Tuesday, May 22, 2007

Topic Tuesday III: At World's End

Arrrrrr! Me hearties... time for a themed Topic Tuesday... now get back to work or I'll have ye swabbin' the poop deck...
  • Scallywag
  • Blow the man down
  • Broadside
  • Booty
  • Rope's end
  • skull-and-crossbones
Check out the definitions of these terms and more or I'll send ye to the hempen halter. Arrrrr!
http://homepage.mac.com/crabola/PirateGlossary/Menu22.html

Friday, May 18, 2007

Provocative Phrase Friday Strikes Back

With a thirst for vengeance, we present these phrases to you...

  • And yet only in the...
  • And just like that...
  • He kicked through the wall...
  • It's fatal...
  • But it's not as big...
  • All through your life...

Tuesday, May 15, 2007

Topic Tuesday 2: Electric Boogaloo

Maybe this has been voted one of the worst sequels ever... or maybe not... but isn't the word "Boogaloo" just fun to say?
  • The value of
  • Pop-cultural sensation
  • Triggers
  • The whole forest
  • No longer talk about
  • Spellbinding

Friday, May 11, 2007

Provocative Phrase Friday: A New Hope

A new hope that I'll actually keep up with posting new phrases every Friday... wish me luck...

  • You've never seen it...
  • I was just hoping...
  • We'll work with you...
  • So, the sooner you start...
  • It was hard leaving...
  • The thief also ignored...

Tuesday, May 08, 2007

The Return of the Topic Tuesday

We're back... Try these on for size:
  • Riveting
  • Assassin
  • Teenagers
  • Shed some light
  • Planning for "if"
  • Hollywood

Sunday, May 06, 2007

Dan Simmons on Writing Well

Last week I listened to Kasey Kovar’s http://www.kaceykowarsshow.com/ interview with Dan Simmons, one of my favorite authors.
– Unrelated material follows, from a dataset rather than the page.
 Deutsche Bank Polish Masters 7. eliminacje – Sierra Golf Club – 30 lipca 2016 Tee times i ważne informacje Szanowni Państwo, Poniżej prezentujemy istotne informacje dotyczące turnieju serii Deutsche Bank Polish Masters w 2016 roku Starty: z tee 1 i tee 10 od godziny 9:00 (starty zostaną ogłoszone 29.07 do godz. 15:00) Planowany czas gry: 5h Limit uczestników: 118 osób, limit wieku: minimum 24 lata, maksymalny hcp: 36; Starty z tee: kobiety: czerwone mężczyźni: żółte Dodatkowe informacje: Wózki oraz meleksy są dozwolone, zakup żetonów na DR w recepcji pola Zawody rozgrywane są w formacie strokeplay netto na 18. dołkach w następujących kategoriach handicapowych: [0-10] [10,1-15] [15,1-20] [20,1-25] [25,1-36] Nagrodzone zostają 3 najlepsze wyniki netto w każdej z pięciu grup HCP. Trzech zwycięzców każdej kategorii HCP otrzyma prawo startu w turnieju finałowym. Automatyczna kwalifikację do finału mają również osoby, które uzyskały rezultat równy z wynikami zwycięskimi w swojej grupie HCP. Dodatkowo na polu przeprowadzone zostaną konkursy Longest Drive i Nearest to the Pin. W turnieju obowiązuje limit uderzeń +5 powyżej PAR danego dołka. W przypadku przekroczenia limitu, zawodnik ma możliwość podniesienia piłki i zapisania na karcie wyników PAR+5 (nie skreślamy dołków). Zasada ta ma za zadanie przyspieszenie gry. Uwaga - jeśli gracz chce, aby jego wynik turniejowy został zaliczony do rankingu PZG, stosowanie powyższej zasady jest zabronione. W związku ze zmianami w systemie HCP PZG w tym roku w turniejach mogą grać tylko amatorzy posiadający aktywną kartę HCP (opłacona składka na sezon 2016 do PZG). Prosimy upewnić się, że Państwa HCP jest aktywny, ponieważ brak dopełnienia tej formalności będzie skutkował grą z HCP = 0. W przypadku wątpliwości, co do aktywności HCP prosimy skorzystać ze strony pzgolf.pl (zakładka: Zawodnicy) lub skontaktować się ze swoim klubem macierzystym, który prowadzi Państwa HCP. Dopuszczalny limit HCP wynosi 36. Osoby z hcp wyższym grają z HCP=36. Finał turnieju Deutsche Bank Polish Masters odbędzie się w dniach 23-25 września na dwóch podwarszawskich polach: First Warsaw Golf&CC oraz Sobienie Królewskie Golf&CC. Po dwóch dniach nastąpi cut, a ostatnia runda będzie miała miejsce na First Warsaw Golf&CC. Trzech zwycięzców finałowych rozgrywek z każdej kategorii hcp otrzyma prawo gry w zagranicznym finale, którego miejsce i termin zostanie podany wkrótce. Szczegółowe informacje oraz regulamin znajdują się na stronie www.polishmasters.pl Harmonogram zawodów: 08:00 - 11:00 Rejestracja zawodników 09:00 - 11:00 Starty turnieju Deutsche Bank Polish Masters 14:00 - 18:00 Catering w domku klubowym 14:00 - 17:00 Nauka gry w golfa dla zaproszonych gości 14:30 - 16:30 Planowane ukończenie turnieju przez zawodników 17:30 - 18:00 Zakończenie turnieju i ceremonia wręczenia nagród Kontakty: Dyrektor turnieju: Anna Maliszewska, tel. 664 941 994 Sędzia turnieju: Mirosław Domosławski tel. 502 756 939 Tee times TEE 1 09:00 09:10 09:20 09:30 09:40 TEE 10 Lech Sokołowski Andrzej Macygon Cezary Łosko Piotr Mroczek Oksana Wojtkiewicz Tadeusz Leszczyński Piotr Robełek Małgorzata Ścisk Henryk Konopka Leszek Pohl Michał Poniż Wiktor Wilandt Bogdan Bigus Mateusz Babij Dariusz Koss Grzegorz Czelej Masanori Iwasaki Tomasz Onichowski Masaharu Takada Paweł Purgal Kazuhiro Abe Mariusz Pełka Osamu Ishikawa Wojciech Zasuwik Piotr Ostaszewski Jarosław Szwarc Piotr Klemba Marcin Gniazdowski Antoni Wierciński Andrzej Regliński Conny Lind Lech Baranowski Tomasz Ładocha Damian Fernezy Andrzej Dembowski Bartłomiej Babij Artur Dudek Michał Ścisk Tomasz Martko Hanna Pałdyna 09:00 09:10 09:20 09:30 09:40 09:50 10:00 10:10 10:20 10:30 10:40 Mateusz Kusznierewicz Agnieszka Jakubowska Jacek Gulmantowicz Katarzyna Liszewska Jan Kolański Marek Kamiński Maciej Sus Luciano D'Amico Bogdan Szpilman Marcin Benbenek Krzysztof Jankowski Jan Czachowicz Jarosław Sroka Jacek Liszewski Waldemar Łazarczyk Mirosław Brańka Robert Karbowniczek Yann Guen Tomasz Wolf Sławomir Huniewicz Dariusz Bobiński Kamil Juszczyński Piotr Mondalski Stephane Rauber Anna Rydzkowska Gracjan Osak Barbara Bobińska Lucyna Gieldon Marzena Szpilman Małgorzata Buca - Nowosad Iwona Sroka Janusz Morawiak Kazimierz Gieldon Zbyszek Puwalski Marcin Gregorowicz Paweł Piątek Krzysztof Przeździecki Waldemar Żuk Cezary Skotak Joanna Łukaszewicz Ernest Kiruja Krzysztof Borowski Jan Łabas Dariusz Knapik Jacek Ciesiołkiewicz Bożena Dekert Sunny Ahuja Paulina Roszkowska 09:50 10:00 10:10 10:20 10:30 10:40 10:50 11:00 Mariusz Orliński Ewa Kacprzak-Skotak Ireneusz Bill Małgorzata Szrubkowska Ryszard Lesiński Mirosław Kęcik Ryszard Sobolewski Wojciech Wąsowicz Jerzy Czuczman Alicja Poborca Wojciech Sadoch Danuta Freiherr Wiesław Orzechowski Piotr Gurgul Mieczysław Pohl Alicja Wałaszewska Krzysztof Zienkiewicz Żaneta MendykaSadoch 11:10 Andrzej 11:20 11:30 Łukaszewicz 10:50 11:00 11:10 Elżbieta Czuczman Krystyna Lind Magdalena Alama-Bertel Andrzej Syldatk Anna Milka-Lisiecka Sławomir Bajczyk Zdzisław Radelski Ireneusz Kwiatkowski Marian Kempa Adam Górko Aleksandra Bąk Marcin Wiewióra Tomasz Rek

Simply put: He is brilliant. He writes across all genres. Science fiction: the Hyperion Cantos, the series of Nebula and Hugo award winning books. His first book, The Song of Kali won the World Fantasy Award. Let’s not forget his horror fiction. Carrion Comfort and Summer of Night are books that Stephen King wished he wrote. He also put the “hard” into hard-boiled detective fiction with his Joe Kurtz novels: Hardcase, Hard Freeze and Hard as Nails.

As a former gifted English teacher, he is well-read and is not afraid to use the entire range of world literature and history as both inspiration for and as part of the story itself. His latest effort is The Terror, a blend of historical and horror fiction based on the ill-fated Arctic expedition of Sir John Franklin in 1845. If you haven’t read any of his work before, do it now. Simmons work will be read alongside of classic literature in the decades and centuries in the future.

On his website, he has a series of articles on writing that are must-reads: Writing Well. They are long, dense and packed with great insights on his writing process and good advice about the back-breaking mental work of writing. Check them out at:
http://www.dansimmons.com/writing_welll/archive/writing_index.htm

Sunday, April 29, 2007

Walter Mosley's Address

Saw Walter Mosley’s keynote address at the Columbus State Community College Writers Conference this evening. I sat next to Gail, one of my all time favorite students, who I haven’t seen in a while and we listened to Mr. Mosley speak. He said that you simply must write every day, 7 days a week, 90 minutes a day. If you don’t feel like writing or nothing comes, sit there until it does. He writes three hours a day when he first gets up in the morning. This seems to be the most consistent habit of all successful writers: to write every single day of the week, preferably on a regular schedule, at the same time every day (usually first thing in the morning) at a time when you are at your best.

Gail told me afterwards that I should be proud that I am teaching the techniques that successful, best-selling authors use every day. That too much education can get in the way of telling a good story. (Fact: Homer was blind and illiterate.) That writing is done largely in the unconscious mind and all a writer has to do is transcribe what it tells you, but you need to be sitting there at the appointed time to hear what it has to say. That showing is almost always better than telling. That too many people get hung up on the things that they don’t know or don’t think that they know, such as grammar or spelling, or how to do some sort of technical thing correctly. It is almost always total bunk. Excuses for not getting your ass in the chair and getting back to work.

I forget to practice what I preach sometimes. Time for me to remember.